▶ MATERIAL FOR THIS TASK:
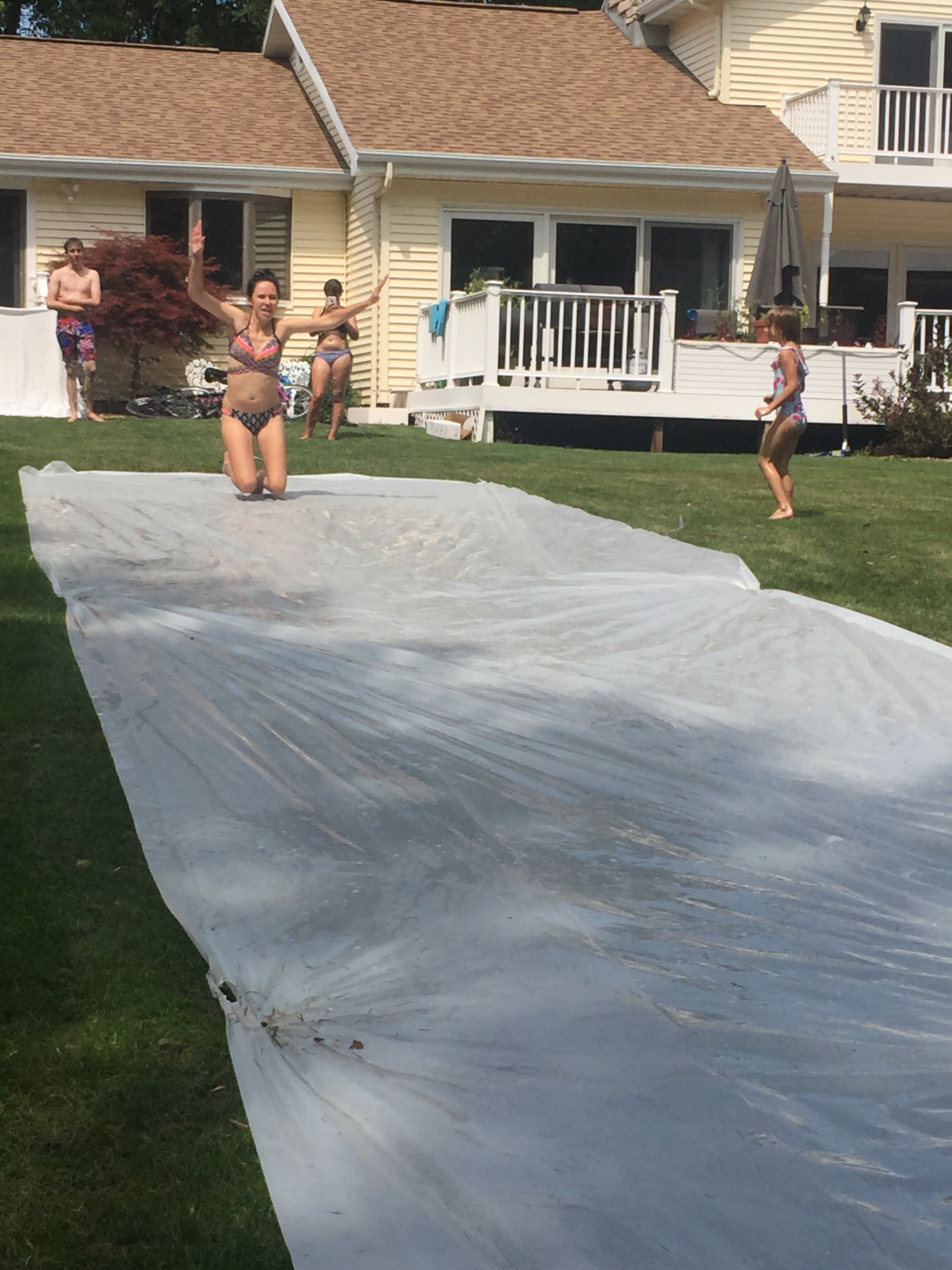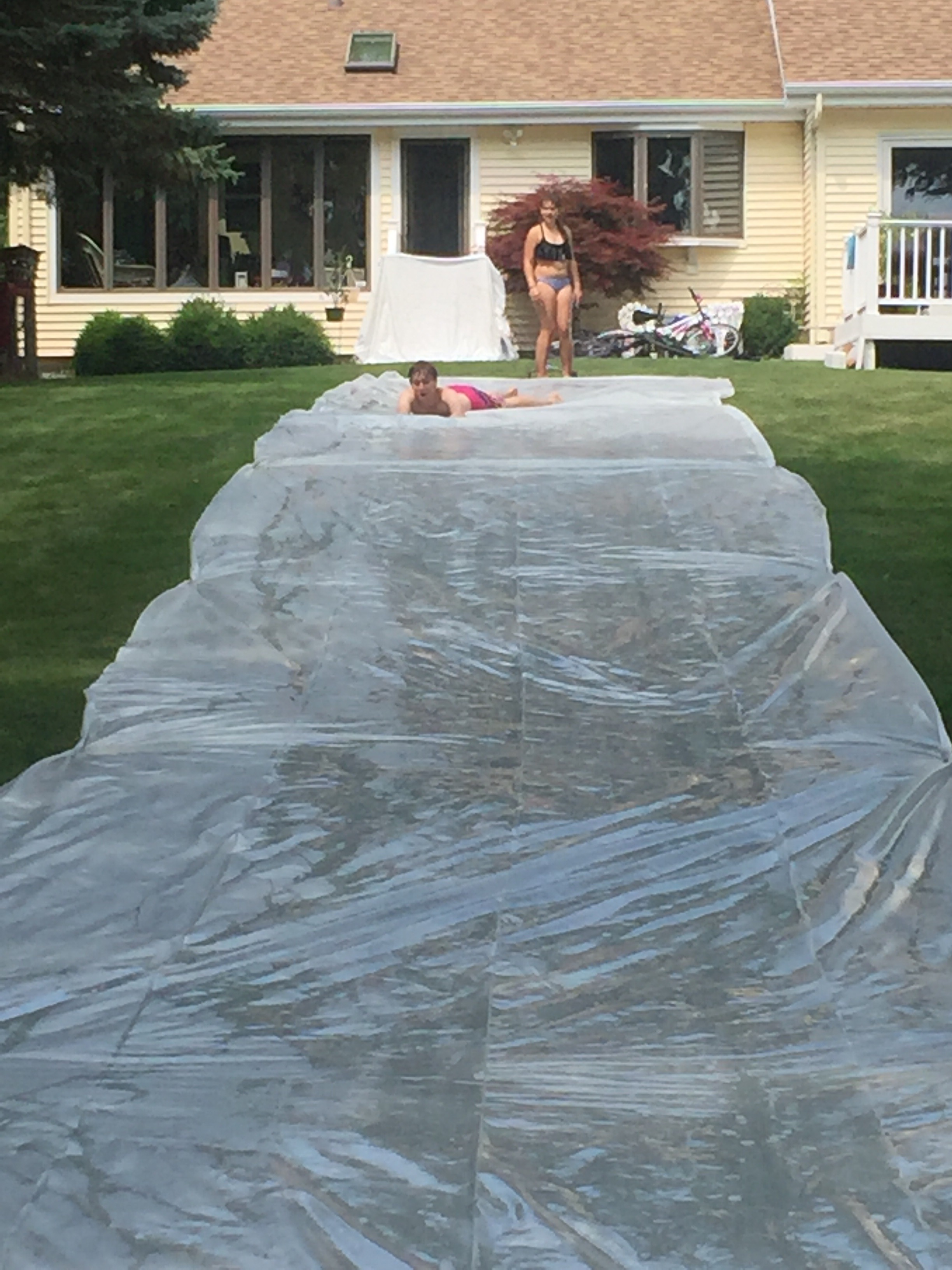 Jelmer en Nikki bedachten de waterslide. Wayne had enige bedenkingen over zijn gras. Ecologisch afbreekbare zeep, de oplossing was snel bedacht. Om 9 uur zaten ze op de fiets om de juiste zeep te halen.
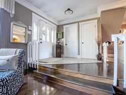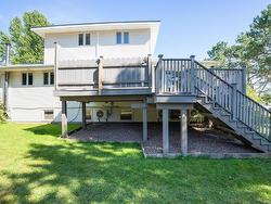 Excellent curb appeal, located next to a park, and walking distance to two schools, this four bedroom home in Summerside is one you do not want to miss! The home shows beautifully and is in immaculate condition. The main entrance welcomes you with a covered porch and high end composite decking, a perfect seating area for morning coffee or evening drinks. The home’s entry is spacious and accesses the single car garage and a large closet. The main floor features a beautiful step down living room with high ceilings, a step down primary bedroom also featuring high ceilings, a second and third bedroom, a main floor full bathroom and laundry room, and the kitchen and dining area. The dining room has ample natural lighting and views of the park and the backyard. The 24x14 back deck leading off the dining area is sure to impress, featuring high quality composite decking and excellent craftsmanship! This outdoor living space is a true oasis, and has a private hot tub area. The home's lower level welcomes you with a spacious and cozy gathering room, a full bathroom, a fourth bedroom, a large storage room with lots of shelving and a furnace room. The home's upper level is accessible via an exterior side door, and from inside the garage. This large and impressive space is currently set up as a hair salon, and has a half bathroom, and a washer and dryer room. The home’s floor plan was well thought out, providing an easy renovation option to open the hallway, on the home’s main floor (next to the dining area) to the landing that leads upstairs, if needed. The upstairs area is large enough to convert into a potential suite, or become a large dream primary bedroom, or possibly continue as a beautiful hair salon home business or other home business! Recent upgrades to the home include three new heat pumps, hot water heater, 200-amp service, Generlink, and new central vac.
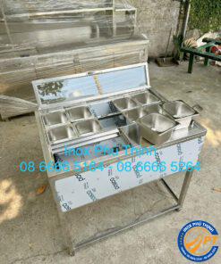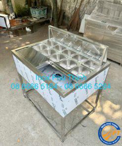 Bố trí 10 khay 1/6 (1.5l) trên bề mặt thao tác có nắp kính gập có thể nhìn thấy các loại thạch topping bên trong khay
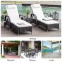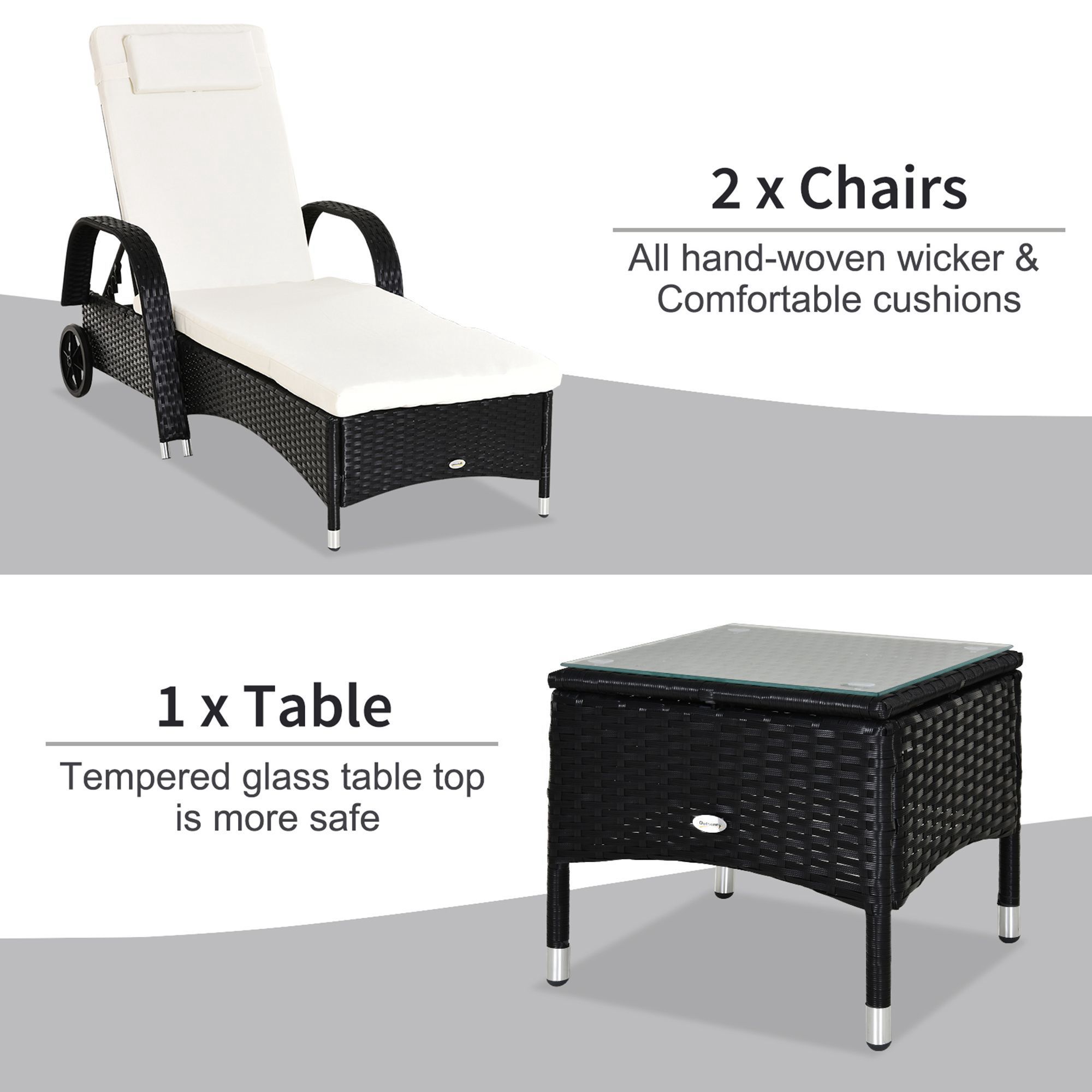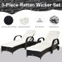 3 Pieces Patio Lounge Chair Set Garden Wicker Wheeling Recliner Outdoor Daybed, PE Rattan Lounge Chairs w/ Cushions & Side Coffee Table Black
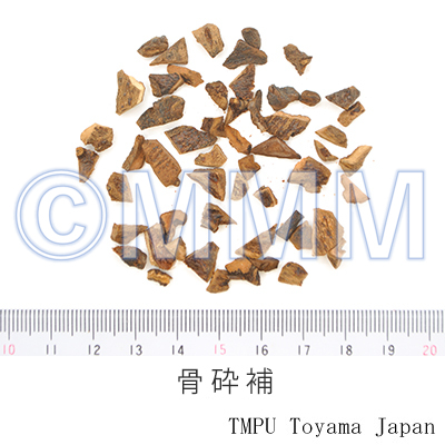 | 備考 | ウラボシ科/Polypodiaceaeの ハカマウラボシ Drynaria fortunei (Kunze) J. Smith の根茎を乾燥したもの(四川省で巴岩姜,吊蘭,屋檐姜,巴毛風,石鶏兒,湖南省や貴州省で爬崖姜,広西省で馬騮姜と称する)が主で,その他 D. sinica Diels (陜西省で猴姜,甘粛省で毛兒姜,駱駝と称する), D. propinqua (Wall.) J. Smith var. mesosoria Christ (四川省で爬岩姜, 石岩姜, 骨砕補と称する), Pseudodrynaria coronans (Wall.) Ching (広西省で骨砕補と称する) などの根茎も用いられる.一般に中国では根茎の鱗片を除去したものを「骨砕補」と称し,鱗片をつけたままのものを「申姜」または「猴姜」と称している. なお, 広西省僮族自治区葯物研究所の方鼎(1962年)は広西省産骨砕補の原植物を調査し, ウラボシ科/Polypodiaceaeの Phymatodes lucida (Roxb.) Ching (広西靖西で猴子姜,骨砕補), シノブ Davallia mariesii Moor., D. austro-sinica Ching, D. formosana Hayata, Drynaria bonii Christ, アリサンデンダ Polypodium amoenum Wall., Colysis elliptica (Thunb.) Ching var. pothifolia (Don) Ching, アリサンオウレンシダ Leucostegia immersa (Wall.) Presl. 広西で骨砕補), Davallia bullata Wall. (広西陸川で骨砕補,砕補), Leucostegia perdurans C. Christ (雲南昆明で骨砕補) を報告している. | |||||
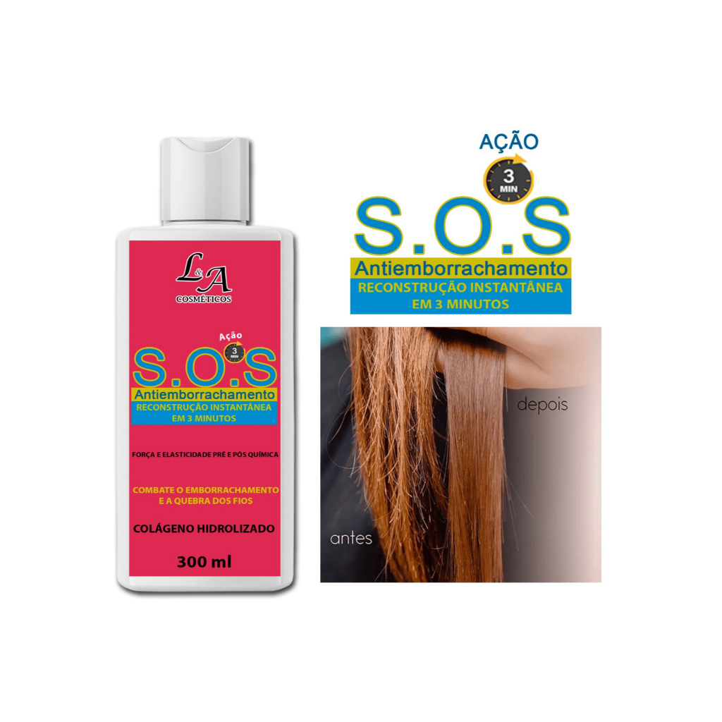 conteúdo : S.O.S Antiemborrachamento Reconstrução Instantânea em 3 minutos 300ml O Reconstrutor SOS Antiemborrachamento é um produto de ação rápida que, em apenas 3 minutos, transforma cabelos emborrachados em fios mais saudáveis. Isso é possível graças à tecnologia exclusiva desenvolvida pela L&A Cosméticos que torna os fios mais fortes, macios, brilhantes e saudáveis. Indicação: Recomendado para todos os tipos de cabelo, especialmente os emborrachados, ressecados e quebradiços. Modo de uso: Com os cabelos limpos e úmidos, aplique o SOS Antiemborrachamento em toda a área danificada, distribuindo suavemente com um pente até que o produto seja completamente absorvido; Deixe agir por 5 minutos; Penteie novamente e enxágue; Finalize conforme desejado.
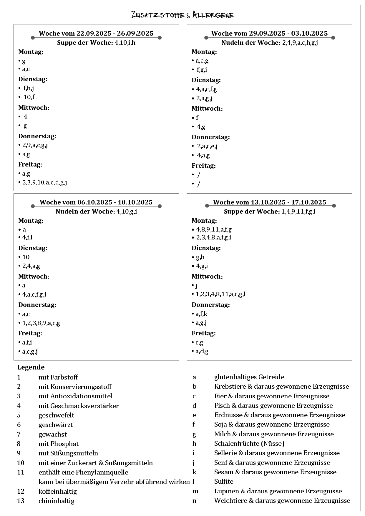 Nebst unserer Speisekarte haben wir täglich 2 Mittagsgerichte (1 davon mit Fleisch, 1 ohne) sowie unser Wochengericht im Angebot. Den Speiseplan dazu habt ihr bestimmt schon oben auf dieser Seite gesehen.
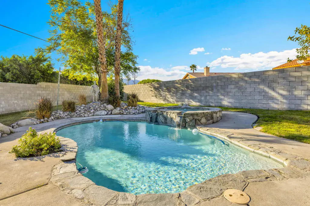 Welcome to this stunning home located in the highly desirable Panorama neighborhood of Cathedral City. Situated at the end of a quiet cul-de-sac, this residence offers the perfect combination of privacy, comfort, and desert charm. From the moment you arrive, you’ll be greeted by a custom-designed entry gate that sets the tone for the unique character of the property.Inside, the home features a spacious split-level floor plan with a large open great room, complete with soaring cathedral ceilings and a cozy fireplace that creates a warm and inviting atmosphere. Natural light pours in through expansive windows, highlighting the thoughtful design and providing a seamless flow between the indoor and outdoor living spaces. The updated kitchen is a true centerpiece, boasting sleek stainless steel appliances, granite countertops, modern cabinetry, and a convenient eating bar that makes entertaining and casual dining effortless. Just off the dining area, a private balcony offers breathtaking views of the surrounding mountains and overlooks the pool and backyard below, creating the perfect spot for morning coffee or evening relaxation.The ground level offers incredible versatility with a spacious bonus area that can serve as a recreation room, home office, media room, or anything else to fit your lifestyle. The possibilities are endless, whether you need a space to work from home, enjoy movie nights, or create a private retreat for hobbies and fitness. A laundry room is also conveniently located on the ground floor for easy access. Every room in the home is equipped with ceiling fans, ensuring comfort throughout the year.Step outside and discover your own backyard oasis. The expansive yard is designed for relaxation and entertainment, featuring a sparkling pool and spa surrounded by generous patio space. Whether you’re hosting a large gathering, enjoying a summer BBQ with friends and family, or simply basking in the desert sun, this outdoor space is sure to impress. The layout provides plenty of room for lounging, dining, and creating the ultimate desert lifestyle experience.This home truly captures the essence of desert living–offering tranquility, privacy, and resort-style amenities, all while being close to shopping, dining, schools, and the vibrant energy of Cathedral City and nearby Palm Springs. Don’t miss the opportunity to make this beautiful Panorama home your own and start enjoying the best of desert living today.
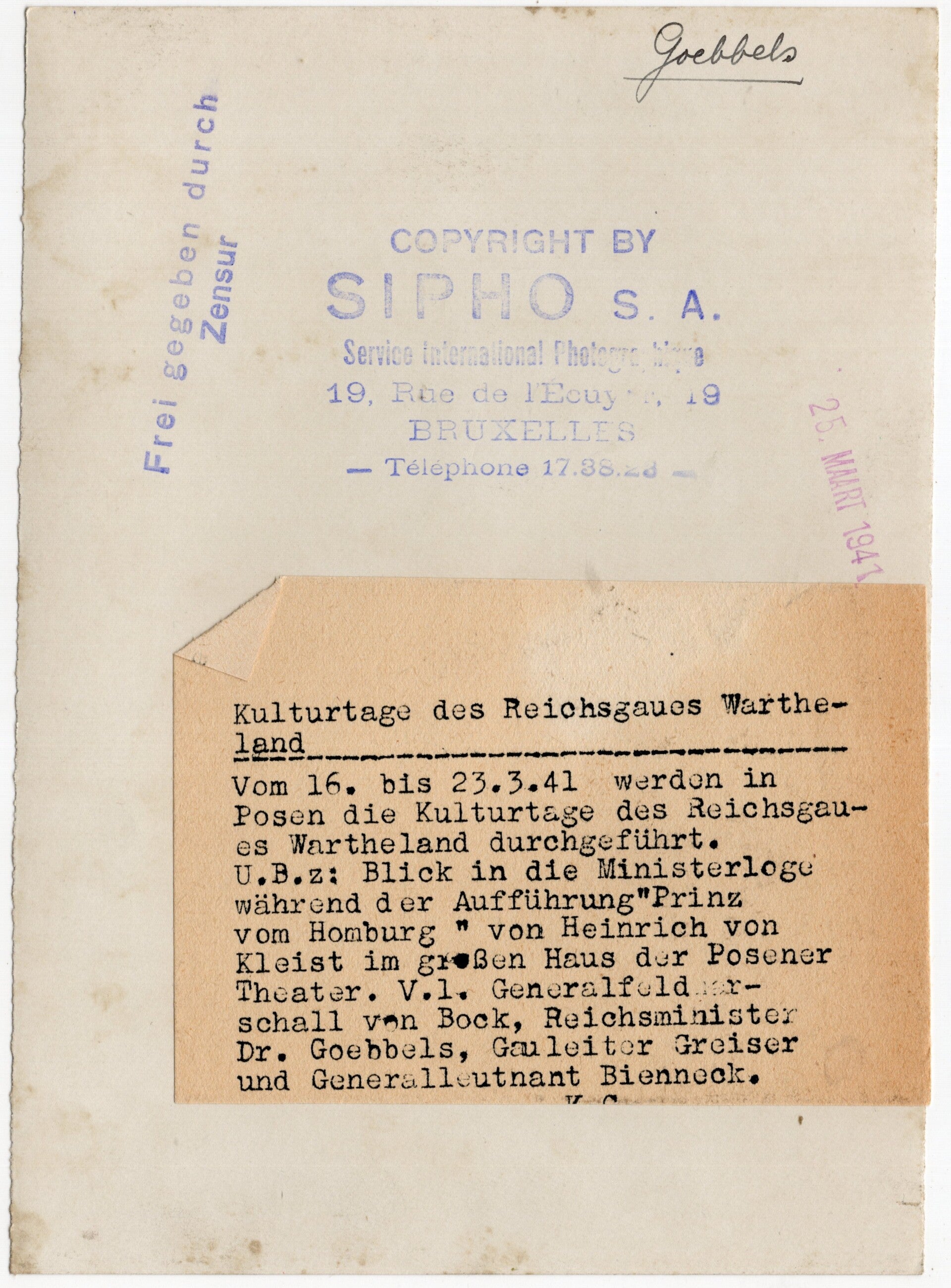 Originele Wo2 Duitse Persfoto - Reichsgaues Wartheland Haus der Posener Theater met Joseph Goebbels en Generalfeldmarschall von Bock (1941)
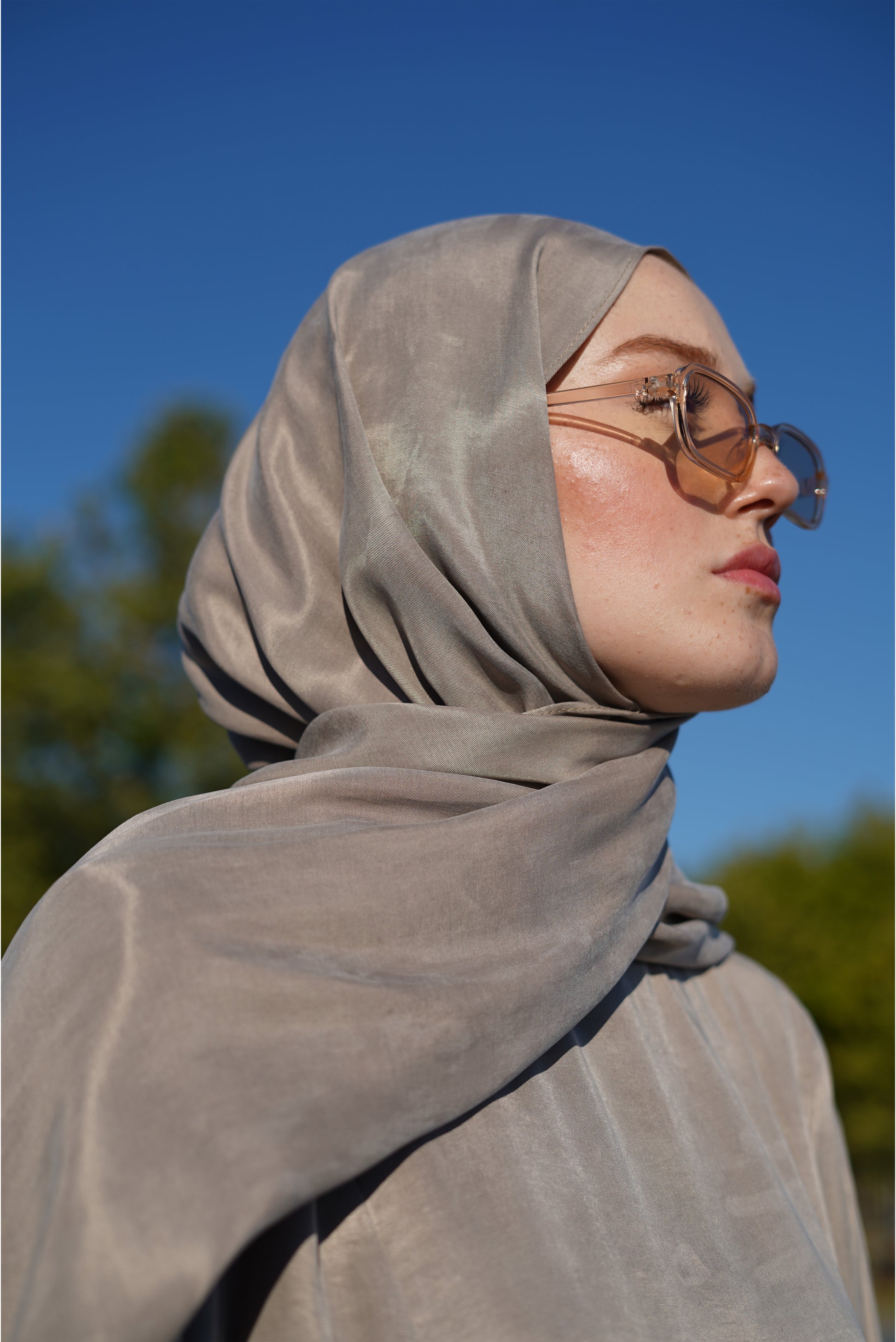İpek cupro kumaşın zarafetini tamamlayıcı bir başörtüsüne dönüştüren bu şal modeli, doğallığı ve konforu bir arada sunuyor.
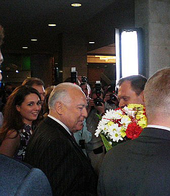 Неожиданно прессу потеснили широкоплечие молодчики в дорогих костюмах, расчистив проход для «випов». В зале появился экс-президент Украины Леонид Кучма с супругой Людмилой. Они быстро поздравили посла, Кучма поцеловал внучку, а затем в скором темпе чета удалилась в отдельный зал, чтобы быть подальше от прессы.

▶ WHAT TO WORK ON: Here the job is to copy the stretch of records from the line containing "Bố trí 10 khay" through the line containing "3 Pieces Patio", word for word. Leave every picture out.

▶ RESULT:
 Bố trí 10 khay 1/6 (1.5l) trên bề mặt thao tác có nắp kính gập có thể nhìn thấy các loại thạch topping bên trong khay
 3 Pieces Patio Lounge Chair Set Garden Wicker Wheeling Recliner Outdoor Daybed, PE Rattan Lounge Chairs w/ Cushions & Side Coffee Table Black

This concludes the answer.